Research by three American academics confirms this, showing that most prescient ideas — those that challenge the convention and end up being widely accepted — tend to emerge from the periphery rather than the core.

This has serious implications for a country such as SA whose business ecosystem tends to favour well-established companies — the core. The country’s labour relations framework is hostile to the periphery — small start-up firms. It’s suitable for the core (the big companies with huge human resources departments and access to legal advice) and the labour insiders (the employed).

The research shows that start-ups are not hamstrung by loss aversion, the economic concept that sees the potential losses as being greater than the potential gains.

“Start-ups don’t have a lot to lose. They can try something wild and crazy, and if it doesn’t work out, no big deal. The cost of pivoting and going after a different customer segment is low — whereas if a big established company tries to radically reshape its business model, there’s probably going to be a lot of pain,” says Paul Vicinanza, one of the authors of the study. 

And that’s why some companies — and this is more prevalent in the technology sector than in, say, manufacturing — run parallel institutions. One can be defined as the core (the traditional business) and the other the periphery, where new ideas are developed and incubated before being moved to the core.  

The authors also identify another problem: societal focus on the moment of creation, not conception of innovation. “We see the tangible outcome, but who knows where the original spark came from,” asks Amir Goldberg, the other author of the study, adding that this invariably leads society to fixate on the “eureka moment” or “single inventor”.  

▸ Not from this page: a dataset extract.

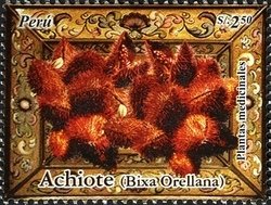 Visibility: public Image owner: none postage 8/6/2007 2.50s multi dt=medicinal plants (2007 Peru) d=Bixa orellana (2007) unwmk perf=13.5 Crops No visible images cropped from this one. Measurements Resolution is unknown. Source Source name: Colnect File URL: http://i.colnect.net/images/b/1584/975/Bixa-orellana.jpg Uploaded September 15, 2014, 5:15 pm by Stan Shebs |

Yet, as Goldberg says in an article published by Stanford Business, innovation is often “more of an organic process” rather than society’s leaning towards celebrating the “plucky outsider, the maverick who bucks conventional thinking”.  

Stanford University economist Nathan Rosenberg, now deceased, argued this point about the evolution of technological change, including in his book, Inside the Black Box: Technology and Economics, first published in 1983.

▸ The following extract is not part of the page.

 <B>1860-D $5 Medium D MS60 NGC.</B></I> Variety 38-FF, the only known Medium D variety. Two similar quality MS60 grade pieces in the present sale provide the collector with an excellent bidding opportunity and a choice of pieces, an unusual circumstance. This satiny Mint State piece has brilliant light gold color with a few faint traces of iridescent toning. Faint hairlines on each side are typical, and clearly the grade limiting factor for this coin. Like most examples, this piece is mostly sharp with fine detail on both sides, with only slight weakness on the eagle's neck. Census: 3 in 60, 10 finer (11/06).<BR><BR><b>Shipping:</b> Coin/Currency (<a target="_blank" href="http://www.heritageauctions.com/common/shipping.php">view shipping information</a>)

Rosenberg once observed that the inventors of new technology are often not good predictors of how such invention will be used, citing radio, whose inventors thought its use would be limited to steamship companies. 

The authors of the latest study talk to Rosenberg’s point too, when they note that prescient ideas can’t be determined upfront. They can only be detected “after the fact”. 

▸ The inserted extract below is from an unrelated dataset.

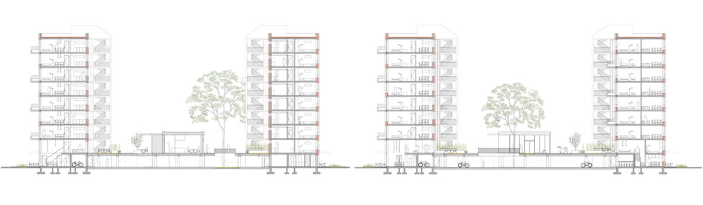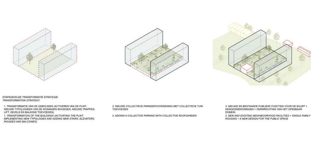 De Sint-Niklase Maatschappij voor de Huisvesting wil 2 appartementengebouwen met in totaal 98 woningen renoveren en transformeren zodat de woningen opnieuw voldoen aan de hedendaagse comfort eisen. De bestaande gebouwen dragen door de gesloten plinten weinig bij aan de kwaliteit van het (openbaar) gebied. Het openbaar domein is deels groen maar wordt hoofdzakelijk gedomineerd door infrastructuur en (individueel) parkeren. Dit transformatieproject vernieuwt het woningaanbod en zorgt voor een kwaliteitsimpuls aan verblijfskwaliteit van de woonwijk.

Rosenberg also stressed that the success of a new technological idea depended on the ecosystem, meaning several enabling factors must be in place for the idea to be applicable and adopted widely. 

All of this requires that policymakers have a good understanding of how the innovation machine works.  

• Sikhakhane, a former spokesperson for the finance minister, National Treasury and SA Reserve Bank, is editor of The Conversation Africa. He writes in his personal capacity.